■ **ACTION ITEM**
Under this line is some data; print exactly the lines from the one containing "The coat was" through its last line, without pictures.

■ **SUPPLIED INFORMATION**
──────
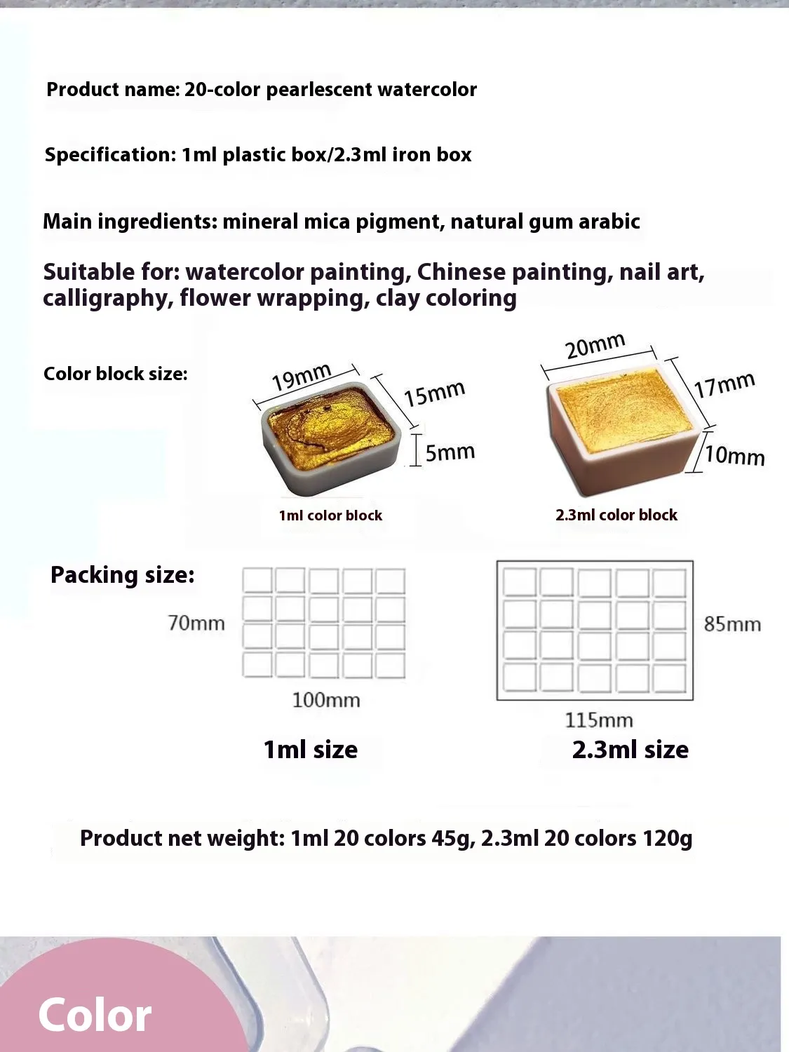 Pearlescent Watercolor Concentrated Painting Glitter Solid
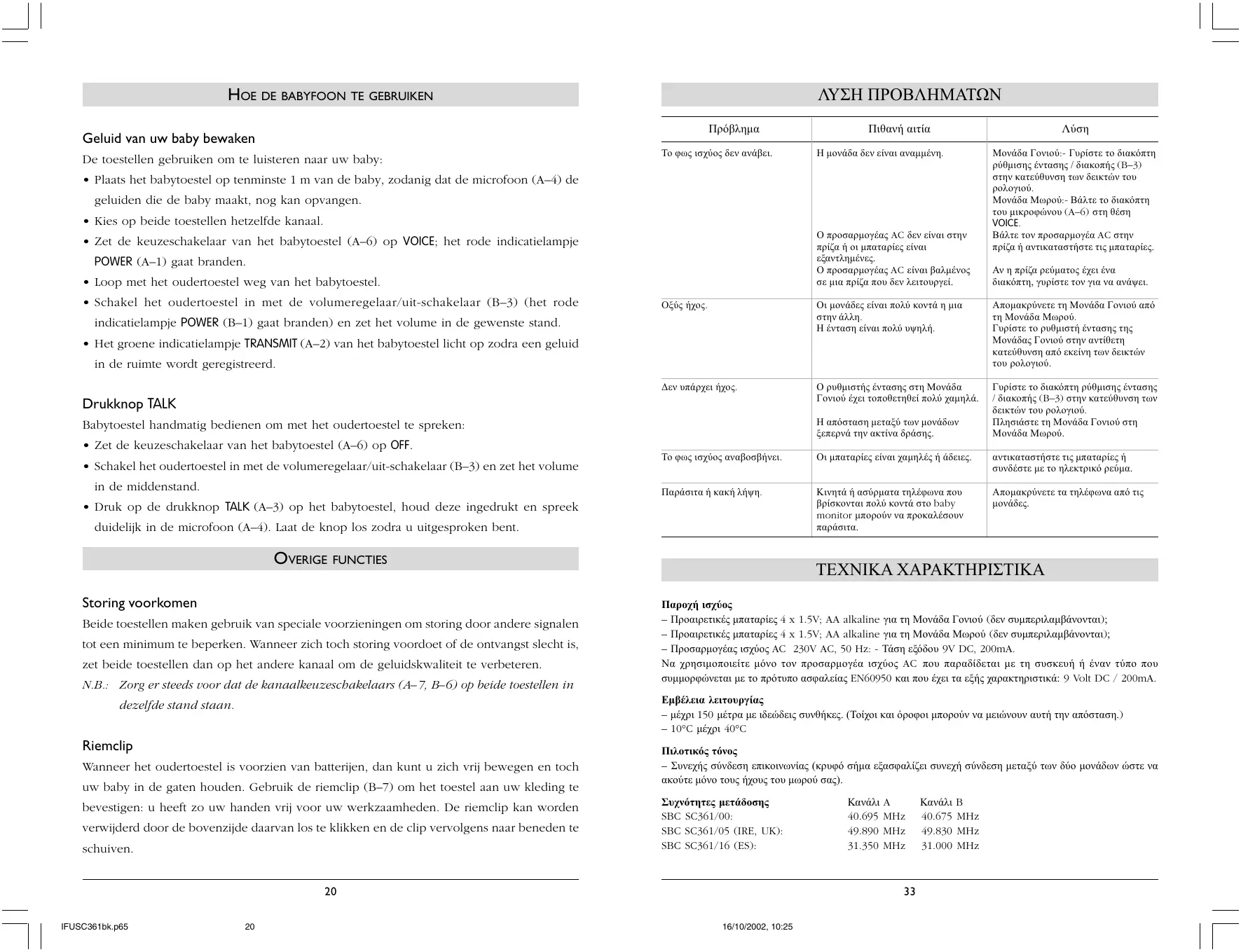- Στη Μονάδα Μωρού, πατήστε και κρατήστε πατηµένο το κουµπί επαφής TALK (A–3) και µιλήστε καθαρά στο µικρόφωνο (A–4). Αφήστε το κουµπί επαφής TALK όταν τελειώσετε. TECHNISCHE GEGEVENS ΠΡΟΣΘΕΤΕΣ ∆ΥΝΑΤΟΤΗΤΕΣ Voeding: Αποφυγή παρασίτων Και οι δύο µονάδες χρησιµοποιούν αντιπαρασιτική τεχνολογία ώστε να µειώνεται η πιθανότητα παρεµβολών από άλλα σήµατα. Αν υπάρχουν παράσιτα ή αν η λήψη ήχου είναι κακή, προσπαθήστε να βελτιώσετε την ποιότητα του ήχου γυρίζοντας και τις δύο µονάδες στο άλλο κανάλι.
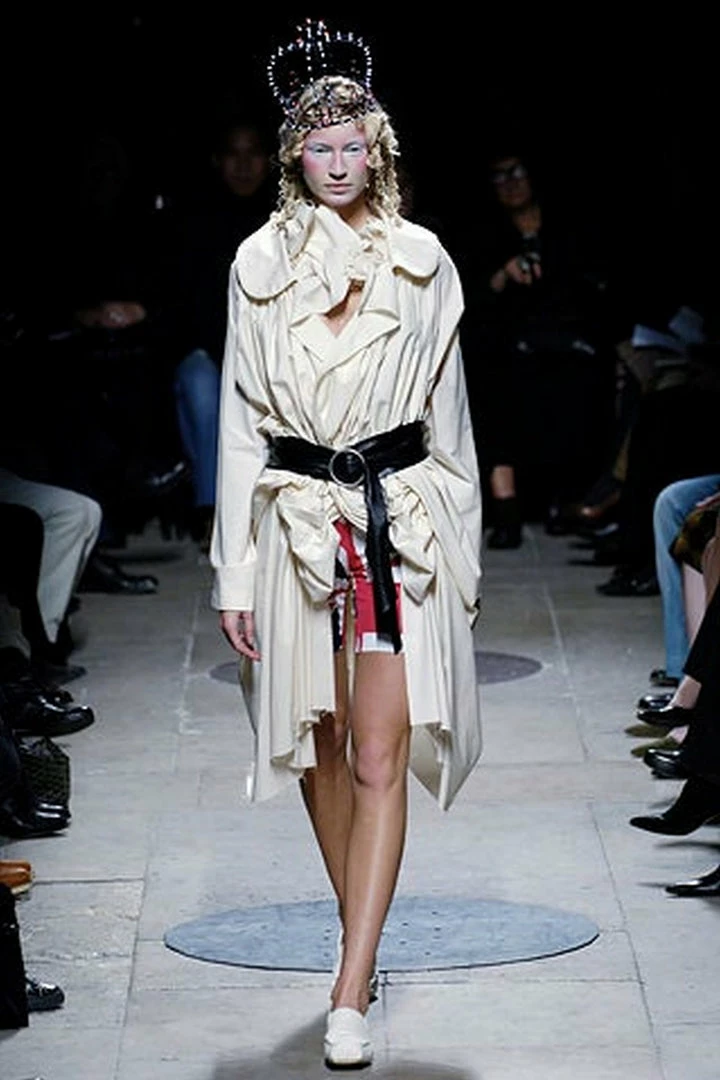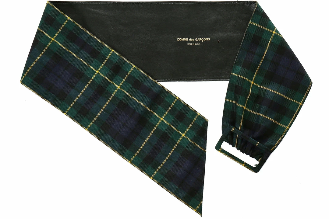 The coat was look no.16 on the runway for this collection. This exact belt cannot be seen, however tartan and variations of such belts are featured heavily. Sarah Mower writes for Vogue: ‘Usually you count on a Comme des Garçons show to plumb mysterious depths, but for spring, the mystery was slap-bang there on the surface. It looked like nothing so much as an homage to Vivienne Westwood’s royal collections. Ringleted girls in crowns, wearing Union Jack-printed underwear and punkish tartans, proceeded up and down the runway to the strains of Coronation marches, Church of England hymns, and even, gorblimey, “Land of Hope and Glory.” It was all—and this was the shock in this house of intellectual subtlety—puzzlingly literal’. Perhaps even more puzzlingly, Kawakubo dismissed the suggestion that the collection was an homage to England or Vivienne Westwood, conceding that whilst there were references to ‘a lost Empire’, the collection was about ‘cutting without a pattern’.
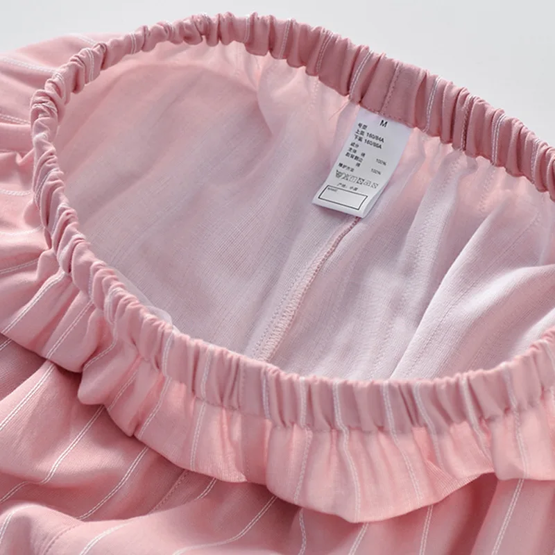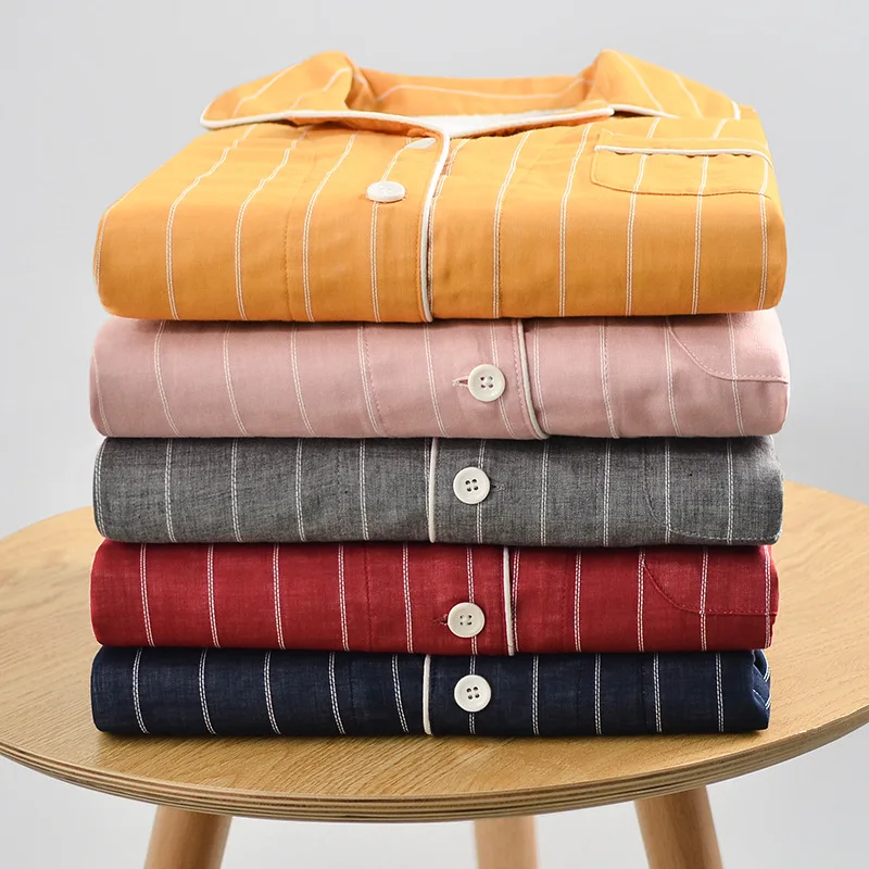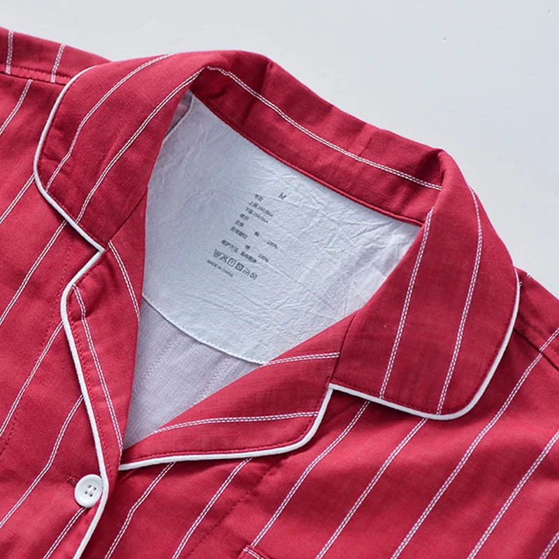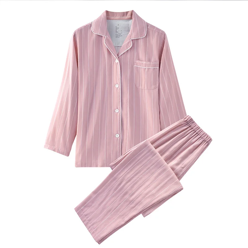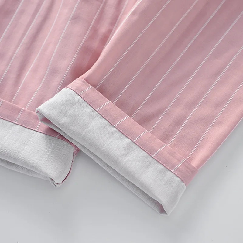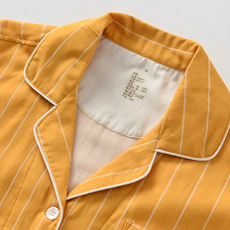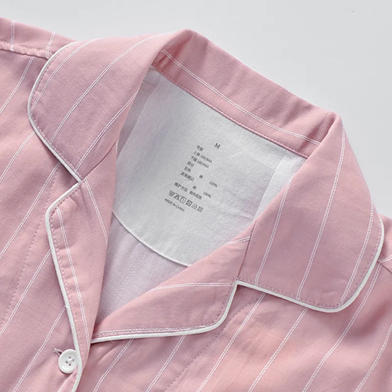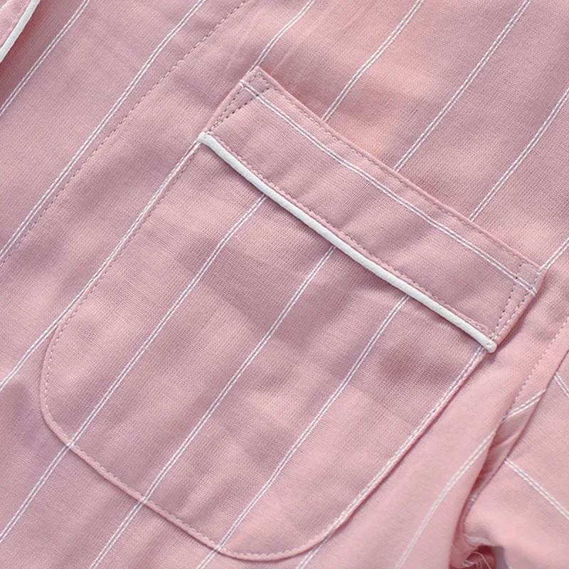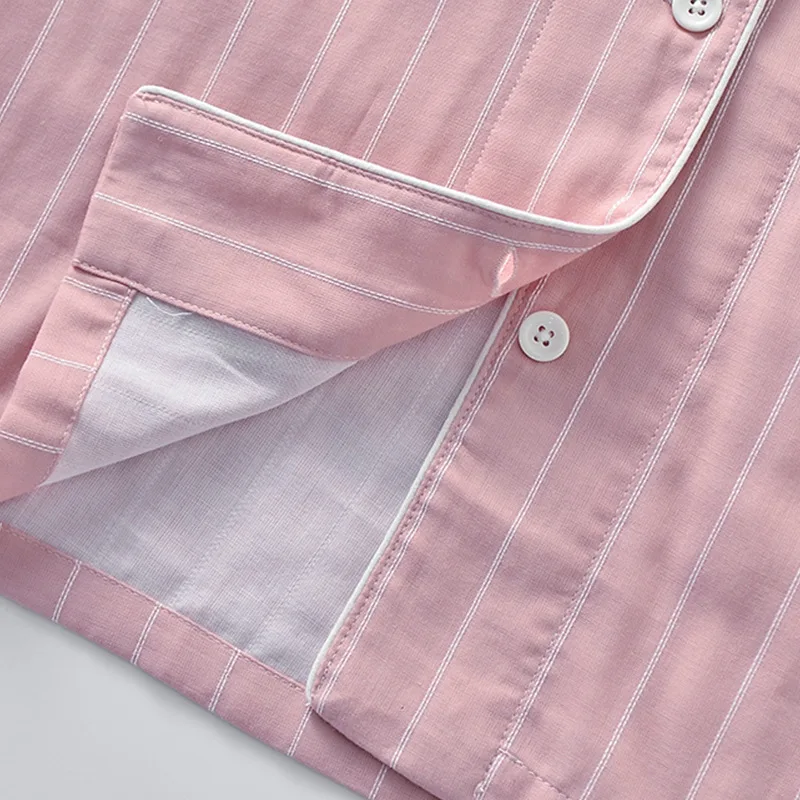 Victoria’s Vogue Double Layer Yarn Homewear Good Quality Cotton Couples Striped Pajamas Set for Men’s and Women’s Sleepwear Clothing Suit
──────
■ **OUTPUT**
 The coat was look no.16 on the runway for this collection. This exact belt cannot be seen, however tartan and variations of such belts are featured heavily. Sarah Mower writes for Vogue: ‘Usually you count on a Comme des Garçons show to plumb mysterious depths, but for spring, the mystery was slap-bang there on the surface. It looked like nothing so much as an homage to Vivienne Westwood’s royal collections. Ringleted girls in crowns, wearing Union Jack-printed underwear and punkish tartans, proceeded up and down the runway to the strains of Coronation marches, Church of England hymns, and even, gorblimey, “Land of Hope and Glory.” It was all—and this was the shock in this house of intellectual subtlety—puzzlingly literal’. Perhaps even more puzzlingly, Kawakubo dismissed the suggestion that the collection was an homage to England or Vivienne Westwood, conceding that whilst there were references to ‘a lost Empire’, the collection was about ‘cutting without a pattern’.
 Victoria’s Vogue Double Layer Yarn Homewear Good Quality Cotton Couples Striped Pajamas Set for Men’s and Women’s Sleepwear Clothing Suit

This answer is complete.